Even more likely, as one of the earliest and most Web-integrated communities in existence, FOSS has become a center of such attacks because of the strange combination of intimacy and distance that is peculiar to the Internet. Because the Internet gives instant access and is so heavily used in FOSS, you can easily end up believing that you know a community member who posts regularly in the same way that you know family or friends. At the same time, because you are not face to face and may be known by a nickname — or simply as Anonymous — you can easily tempted to be rude.
Really, it’s a classic case of doublethink, in which you can jump from view to view, depending on which is more convenient at a given time. In fact, you might be more inclined to be rude simply because the contradiction makes you unconsciously uneasy.
All these suggestions sound plausible. However, it may also be that, in such attacks, the FOSS community is only seeing its own exaggerated reflection. Some aspects of the FOSS community have always been known for the bluntness of their exchanges, notably the kernel mailing list, and, in the past, the Debian developers’ list.
At times, too, the uneasy alliance between free software and open source advocates erupts into verbal battles.

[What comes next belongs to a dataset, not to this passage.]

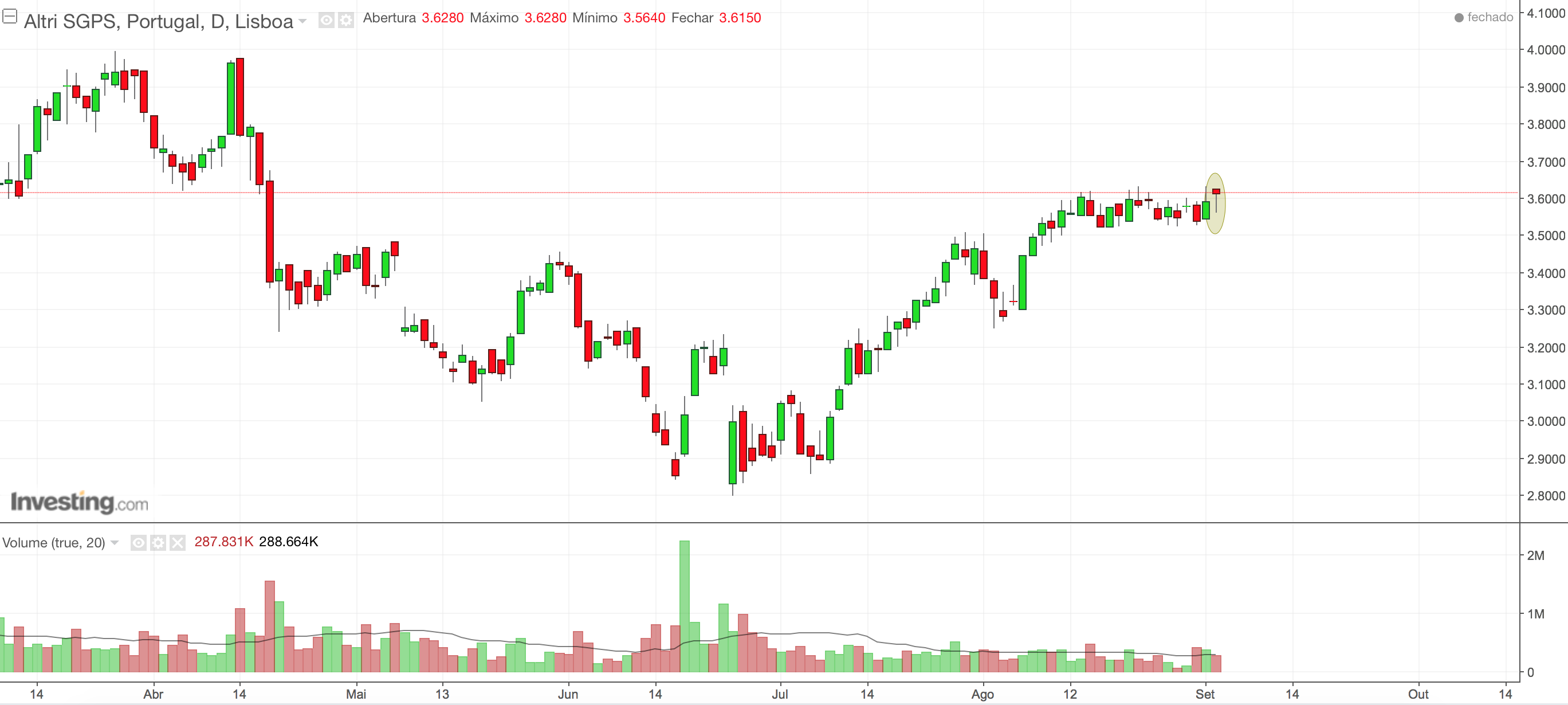 tyui Escreveu:Mais uma sessão onde os 3,62€ se mostraram uma vez mais como forte resistência.

For instance, two years ago, the public debates about the third version of the GNU General Public License resulted in both Linus Torvalds and employees of the Free Software Foundation openly attacking each other.
In practice, these situations rarely result in an open break, although they often appear to be on the brink of creating chaos, especially to outsiders. Newcomers, though, are less likely to know that — especially if they are users rather than developers and therefore less likely to notice that the flip side of the outspokenness is usually a spirit of cooperation over the practical matters of coding or getting a release done. Perhaps newcomers are simply adopting the rhetoric they believe will make them fit in.

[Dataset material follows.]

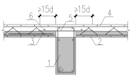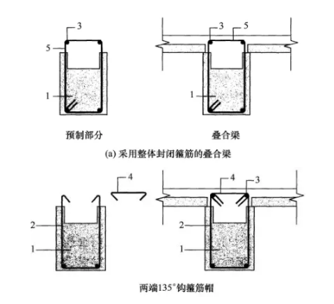 1-预制梁;2-开口箍筋;3-上部纵向钢筋;4-箍筋帽;5-封闭箍筋

But the origin of the behavior matters less than acting against them. Codes of conduct have been used in Ubuntu for several years now, with a code for community members, and another for project leaders.
Since then other projects, such as KDE, have borrowed heavily from the codes to produce their own versions. A community-based code would need few modifications to be just as effective.
These codes of conduct define the expected behavior of anyone in a project. They put people on notice that they are expected not only to be polite, but to act collaboratively and constructively as well. “The important goal,” the Ubuntu community code suggests, “is not to avoid disagreements or differing views but to resolve them constructively.”
To those with no familiarity with such codes, they might seem as meaningless as a mission statement. However, the point of a code of conduct is not to demand or to promise perfect obedience, but to keep everyone focused on their common goal — in the case of the community, the effort to build and maintain a completely free operating system. In practice, they allow small bits of waspishness, but avoid obsessive feuds.
Moreover, a person’s willingness to abide by a code of conduct provides a convenient indicator of how to regard or handle their comments. Those who refuse to subscribe to the code would be acknowledging that they place a low priority on common goals, and therefore are not worth listening to. Similarly, if someone subscribes to the code then breaks it, then the community has a common frame of reference to call them to account and to justify ignoring them.
The FOSS community is diverse enough that it can probably survive without a common code of conduct. However, the result might very well be like refusing to use a spam filter on your email: You can still function, but you have to spend an increasing amount of time dealing with annoying irrelevancies, and less time being productive.
I suggest that we use a code of conduct as a spam filter against this growing mean-spiritedness, then get on with more satisfying and important business.